In July 2018, Trump moved to address what he described as China’s unfair trade practices by placing tariffs on goods imported from China. For Donaldson, that meant a 40 to 50 percent increase in customs fees for the cost of portable stands imported from China.
Donaldson did not want to pass those increased costs on to local municipalities interested in purchasing his product, “so we ended up feeling the burden of those increases,” he said.
Although the U.S. and China reached a “phase one” trade agreement in January, Donaldson said in a February interview that he was unsure whether the fees would decrease.
Still, at that time, Donaldson said he was far ahead in sales compared with 2019 and that he expected to experience 300 to 400 percent growth in 2020. He predicted that would be due in part to sun safety awareness education. A 2017 study from the American Academy of Dermatology found that only about 2,000 of the 1.7 million people at an outdoor event in Minnesota with complimentary sunscreen actually used the substance — and only 33 percent of those users applied it to all sun-exposed parts of their body.
“A decade ago, no one knew what a hand sanitizer dispenser was, and now they are everywhere — oftentimes right next to soap and water. And I think sunscreen dispensers can be the same thing. When we go outside to a park, a swimming pool or a golf course, we can in the future hopefully expect for there to be sunscreen available to all of us,” Donaldson said in February.
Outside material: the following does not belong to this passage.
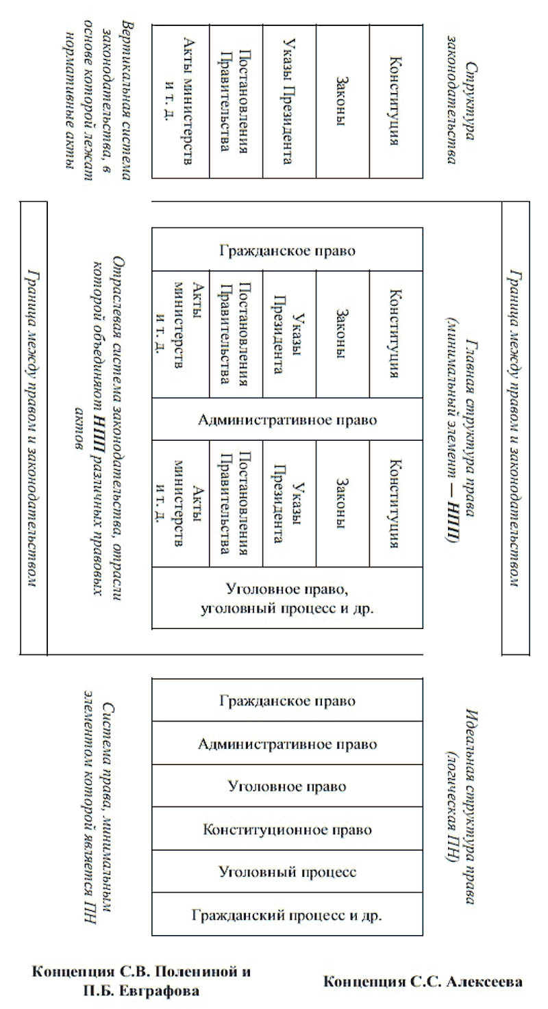Итак, выделение отраслей законодательства происходит на основе существующих отраслей права[64], а значит, посредством этого деления законодательство как система нормативных актов как бы привязывается к объективно существующей структуре права.

But then the coronavirus pandemic erupted, followed by weeks of economic downturn.
Donaldson responded by selling his dispensers for use with hand sanitizer gel, as the market faced a higher-than-usual demand for them. He said the fact that the gel works with his dispensers provided a stopgap for his company at a time when many of his other contracts were put on hold.
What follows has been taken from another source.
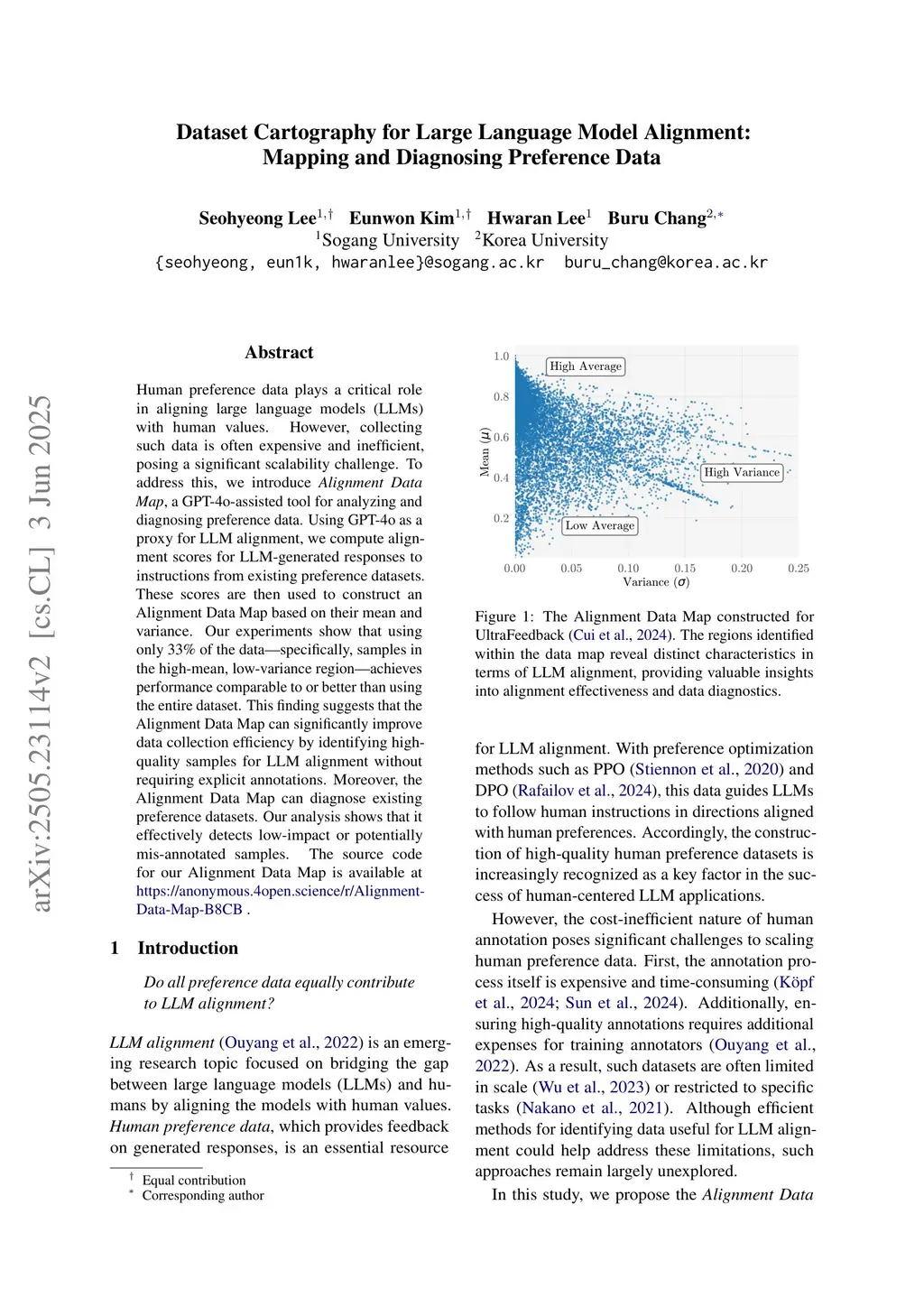 Human preference data plays a critical role in aligning large language models (LLMs) with human values. However, collecting such data is often expensive and inefficient, posing a significant scalability challenge. To address this, we introduce Alignment Data Map, a GPT-4o-assisted tool for analyzing and diagnosing preference data. Using GPT-4o as a proxy for LLM alignment, we compute alignment scores for LLM-generated responses to instructions from existing preference datasets. These scores are then used to construct an Alignment Data Map based on their mean and variance. Our experiments show that using only 33 percent of the data, specifically samples in the high-mean, low-variance region, achieves performance comparable to or better than using the entire dataset. This finding suggests that the Alignment Data Map can significantly improve data collection efficiency by identifying high-quality samples for LLM alignment without requiring explicit annotations. Moreover, the Alignment Data Map can diagnose existing preference datasets. Our analysis shows that it effectively detects low-impact or potentially misannotated samples. Source code is available online.

“I felt like we had a response to something that is real across the company,” he said. “Because of the dramatic influx of COVID-19 and what it did to the global supply chain, we were able to fill that void and still are able to fill that void, but I would anticipate over the coming months, things will somewhat normalize.”
And despite COVID-19’s disruptive effects on many businesses, the pandemic has made preventive health measures front-of-mind for many people, Donaldson said.
“I really think, moving forward, we are going to see . . . a much more proactive approach rather than a reactive approach that I think a lot of governments have had in the past,” he said. “We are seeing the important of preventative measures across the board now. That’s really going to benefit Sunstation.”
Donaldson said he does intend to focus exclusively on sunscreen again, particularly as people spend more time outside due to social distancing orders and advisories.
“I expect smooth sailing,” he said. “We’re in a great spot in inventory and personnel-wise. We just anticipate more and more people being more proactive when it comes to public health.”
Looking ahead, Donaldson said he and his company plan to remain in St. Louis, noting that he’s not alone in that intention.
“[Other entrepreneurs] are staying here because the startup culture is so strong, and they just love the community, the people, the food scene, the sports,” he said. “Everything the city has to offer just makes St. Louis a great place to launch a startup.”
Dana Rieck contributed to this story.